Все, или ничего — говоришь ты в суровом письме своем {Которое ненапечатано, и потому остается неизвестным публике.}, жалуясь на мое молчание! Разве так водится между друзьями? Я имел свои причины к отговоркам. Пускай так, люблю рыться в полусогнивших запыленных рукописях (это по твоему, отыскивать следы давно протекшего времени!), люблю перебирать старинные монеты и читать старинные сказки, похожие иногда на Бову Королевича (по твоему это: смотреть на оставшиеся памятники и на повести о древних происшествиях проницательными очами здравой критики!). Так что ж?
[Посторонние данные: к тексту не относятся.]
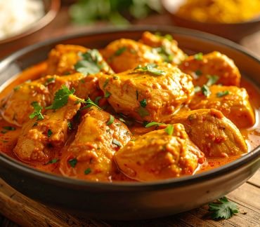 Boneless pieces of chicken in curry sauce.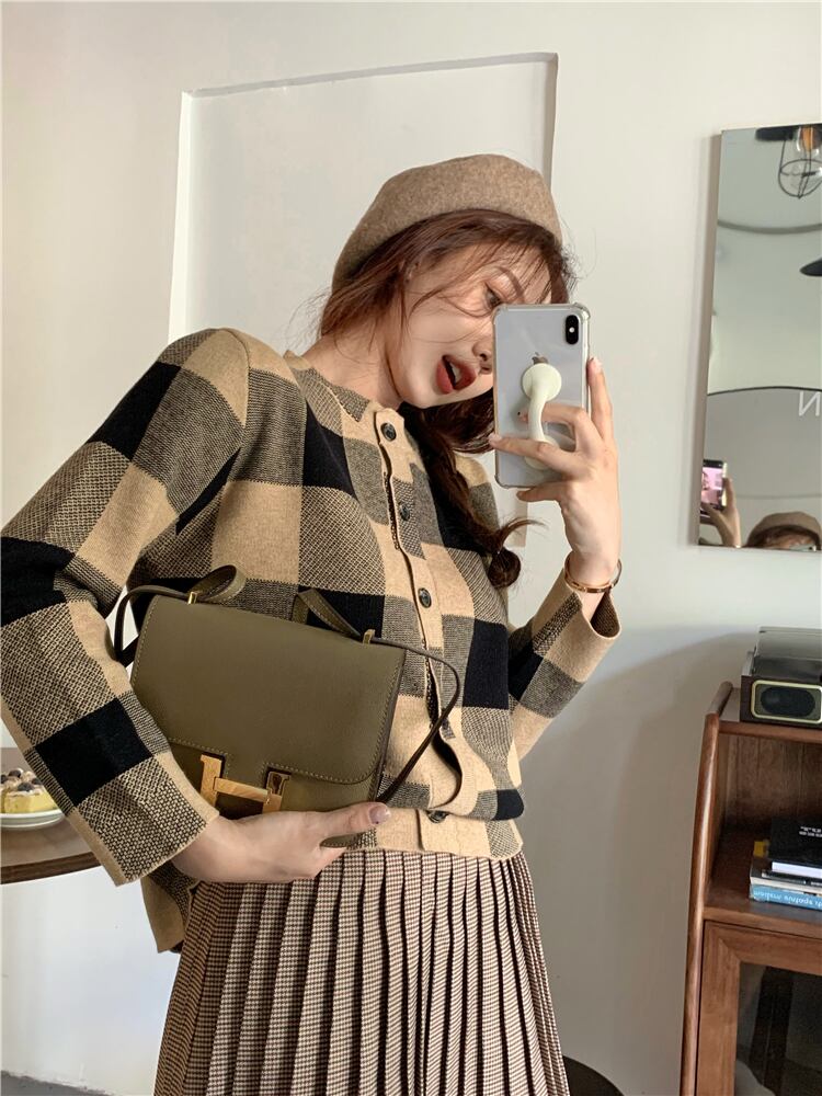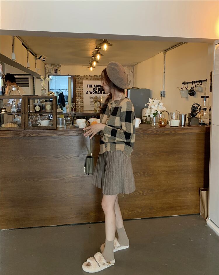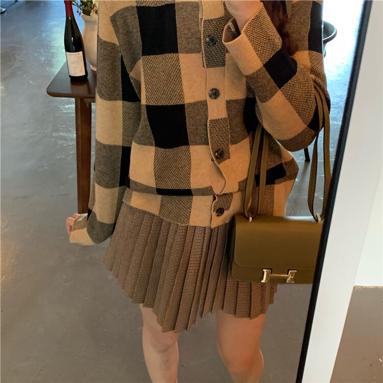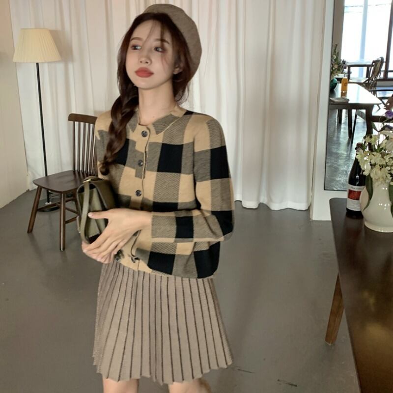 秋物ウィンターニットカーディガンハイウェストプリーツスカート オータム 冬物 ウエスト YY37856985469

Разве по этому должен я беспрестанно твердить одно и то же, или в двадцатый раз повторит в длинном письме то, о чем столь часто мы с тобою говаривали и в несравненном Петрополе и в Москве белокаменной! Будет материя, будет и речь, а ты не ленись, и продолжай писать ко мне об искусствах изящных, которыми всегда восхищаюсь, и о которых желаю, непременно желаю знать твое умозрение.
У нас в Киеве, как и везде, с жадным удовольствием читают Историю государства Российского, — с удовольствием и признательностию за долговременный труд, предпринятый почтенным автором, дабы. Смело повторю слова его — сделать Российскую историю известнее для многих даже и для строгих судей его. Что имели мы до сих пор со времени появления наук в России? Простые выписки из летописей различно понимаемых, выписки более или менее многословные, без соображений, без исторической критики. Даже на Ломоносова в его Российской Истории смотри с любопытством единственно как на великого человека: как основатель Петрополя и с повелительным скипетром в деснице и с орудием хирурга для нас равно чудесен. Без сомнения, материалы исторические доныне еще не собраны, не изданы, не очищены критикою, но в последние шестьдесят лет одни иностранцы сколько сделали полезного для истории нашего Отечества, хотя большею частию трудились для посторонней цели! Если прибавить, что историограф пользовался такими пособиями и средствами, которые для прочих любителей отечественных древностей недоступны, если прибавить наконец, что пленительный талант его многих заохотит ко чтению давно ожиданной истории: тогда всякий согласится со мною, что важный труд сей будет иметь полезное влияние на умы и что каждый благомыслящий сын России должен принять его с чувством признательности. Вот моя мысль, вот мысль многих наших знакомых.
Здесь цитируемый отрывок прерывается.